Review: The Scot and the Showgirl at the Edinburgh Festival Fringe | Playbill

Playbill Goes Fringe Review: The Scot and the Showgirl at the Edinburgh Festival Fringe

This Fringe show takes you inside the relationship of OG Les Miz star Frances Ruffelle and husband Norman Bowman, warts and all.

Frances Ruffelle and Norman Bowman Heather Gershonowitz

The Edinburgh Festival Fringe is the biggest arts festival in the world, with over 3,700 shows. This year, Playbill is in town for the festival and we’re taking you with us. Follow along as we cover every single aspect of the Fringe, aka our real-life Brigadoon

As part of our Edinburgh Fringe coverage, Playbill is seeing a whole lotta shows—and we’re letting you know what we think of them. Consider these reviews a friendly, opinionated guide as you try to choose a show at the festival.

Frances Ruffelle (the Tony-winning original Éponine in Les Misérables in London’s West End and on Broadway) and husband, fellow U.K. stage mainstay Norman Bowman, are in love. Very in love. As cheesy as that might sound, seeing them perform together in their new cabaret act The Scot and the Showgirl at Edinburgh Festival Fringe is to see some very real, very palpable chemistry. It might all make you roll your eyes if they weren’t so nuts—unabashedly so.
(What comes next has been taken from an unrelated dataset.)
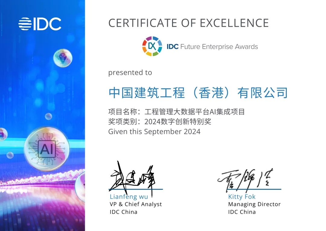 近日,IDC中国在上海举办2024 IDC中国年度峰会暨颁奖典礼。中国建筑国际集团(以下简称“中国建筑国际”)旗下中国建筑工程(香港)有限公司(以下简称“中建香港”或“公司”)凭借在工程管理领域的数字创新实践,荣获IDC中国区“2024数字创新特别奖”,是唯一获奖的中国区建筑企业。同时,中建香港信息化业务负责人李雁飞荣获“年度数字化转型CIO大奖”。

You might have to be a little nuts to be as vulnerable as Ruffelle and Bowman are in this new act, but luckily for audiences, it pays off. Their goofy, no-holds-barred sensibility is incredibly charming, and ultimately gives The Scot and the Showgirl a distinct air of genuine authenticity. It’s hard not to buy into their giddy affection, mostly because it’s just so real.

The pair has designed this new cabaret act to take audiences “from Brigadoon to Broadway, from Scotland to Sondheim.” Bowman, if you can’t tell from the title, is Scottish, and performs the entire show in a kilt. The titular showgirl is, of course, Ruffelle. But the duo have had extensive careers in the musical theatre. That means we get a song list with traditional Scottish tunes like “Donald, Where’s Your Troosers” (changed to “Beausy” here, a nickname for Bowman) and “Pencil Full of Lead” along with showtune favorites like “It’s Almost Like Being in Love” from Brigadoon (I suppose that could almost count in both categories) and “One of a Kind” from Applause. The arrangements are all fantastic too, as led by music director and arranger Ryan McKenzie on piano (additional arrangements are by David Barber) along with cellist Kate Shortt and drummer Nick Anderson.

A particular favorite was the couple’s mash-up of “The Little Things You Do Together” from Company and “Country House,” a song written for the first London production of Follies. The match is so perfect that one wonders why it isn’t one seen more often.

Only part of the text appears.